Two chain restaurants that have recently closed locations in the area include Outback Steakhouse in New London and Ruby Tuesday in Waterford.

Norwich sees closure of restaurant, manufacturing plant, hair salon

Open for only a year, Café Otis — the restaurant and bar run out of the original home of Otis Library, across from City Hall — closed at the start of the pandemic.

Sofia LeWitt, a partner in the building’s ownership group, Otis Home LLC, said in May she hopes to find another tenant for the space but admitted it’s a tough time to try to open a new business. Café Otis owner Nancy Isa could not be reached for comment.

Freeport-McMoRan announced this month it will close its copper rod manufacturing plant in Norwich starting late this summer due to a decline in product sales during the COVID-19 pandemic. Nearly 120 workers will lose their jobs.

Monika LaPointe, owner of Create a Cut Hair Designers in Norwich, announced in a Facebook post June 2 that she was deciding whether to renew the lease at the end of June and decided to close the salon, after 38 years.
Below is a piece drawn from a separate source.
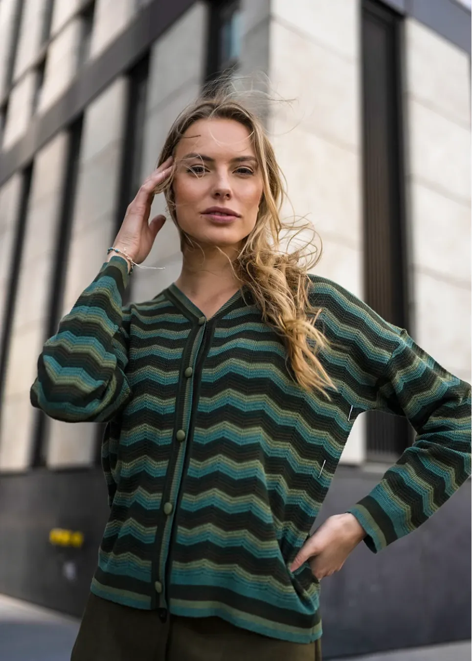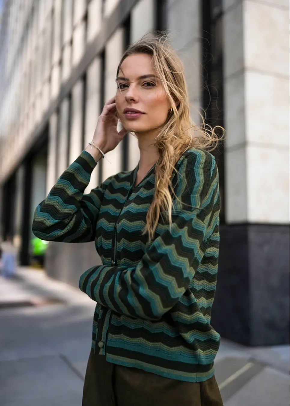 Green Chevron Knit Fall Outfit
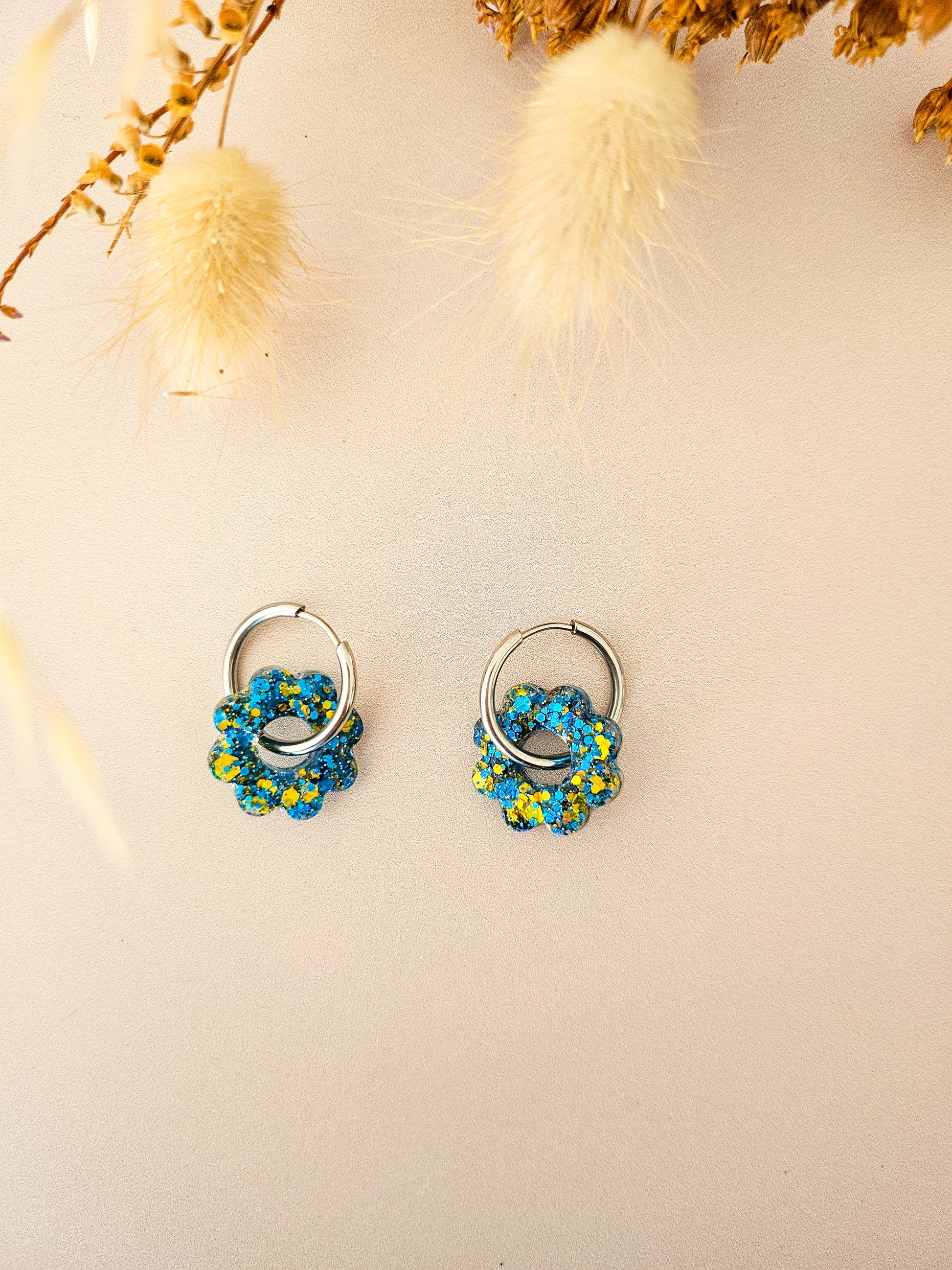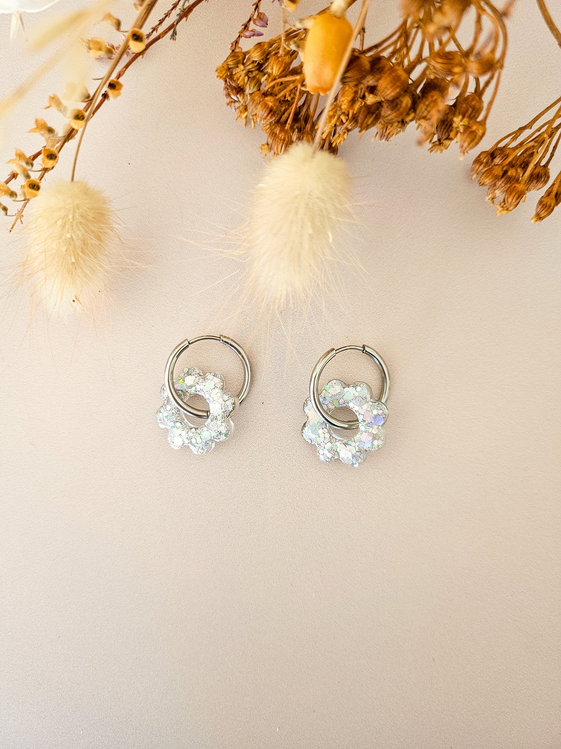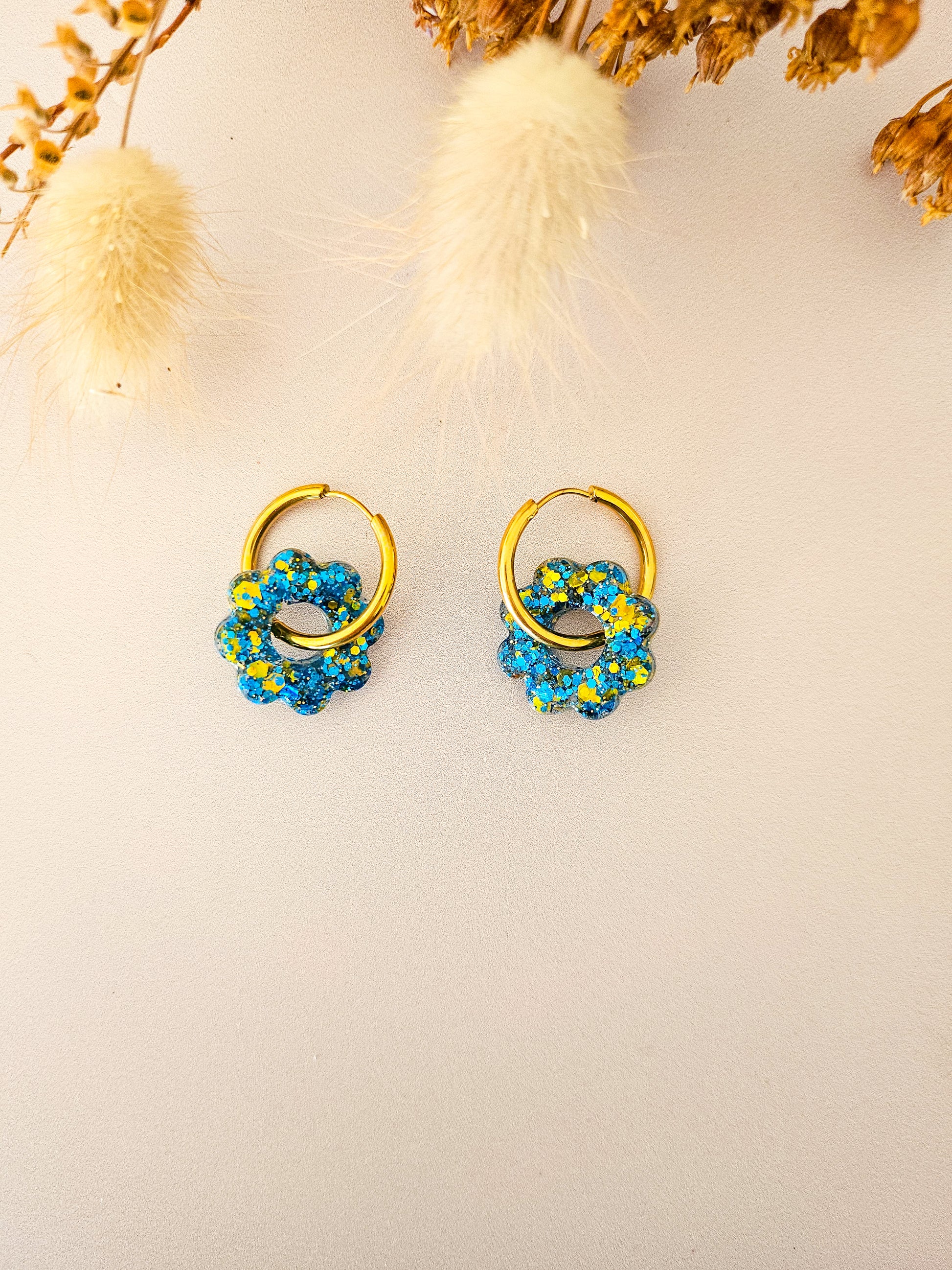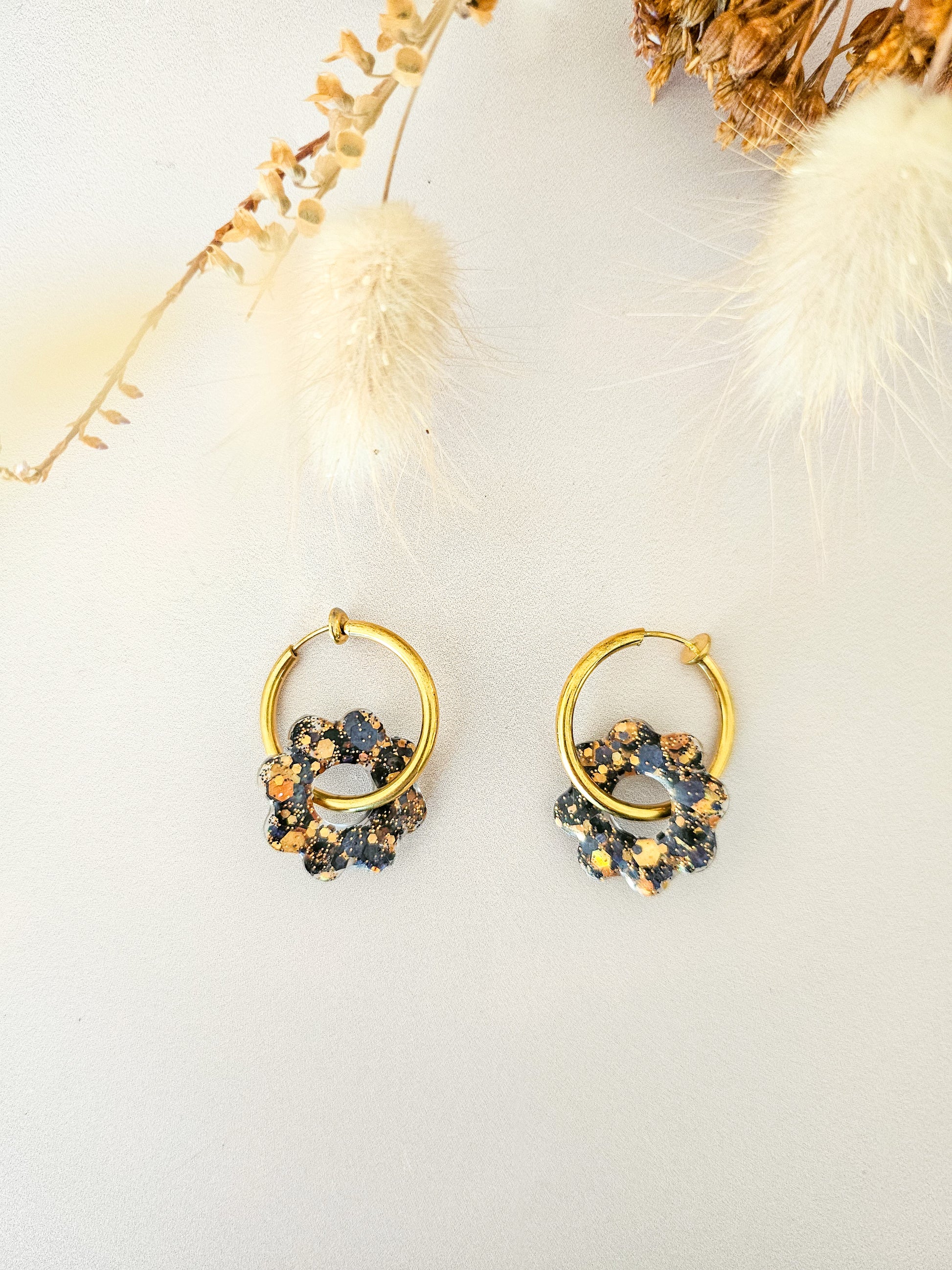Ces boucles sont nées d’une envie simple : pouvoir briller sans s’enfermer dans un seul style. Chaque pampille fleur est coulée, poncée et montée à la main dans notre atelier. Réalisée en résine pailletée artisanale, elle reflète la lumière en douceur, avec des nuances vibrantes selon la couleur choisie 🌈 Les créoles sont disponibles en version classique ou clip, dorées ou argentées — pour s’adapter à toutes les oreilles et à toutes les envies. Et le plus beau ✨ ? Les pampilles sont interchangeables : garde tes créoles préférées, et fais évoluer ton look au fil des saisons, de tes tenues ou de ton humeur.

“When considering all of the factors and safety measures required to adequately protect our staff and clients, we have determined that we could not profitably operate our salon for the long term while under these restrictions,” she wrote. “Additionally, there was no way to reasonably guess how long these restrictions would negatively impact our business.”

In Niantic, Smoochie Bird owner Cindy Lightner wrote on Facebook earlier this month that two months away gave her time to consider what her next steps will be and she has decided to retire. The gift shop has been holding a retirement sale.

Day Staff Writers Karen Florin, Greg Smith and Claire Bessette contributed to this report.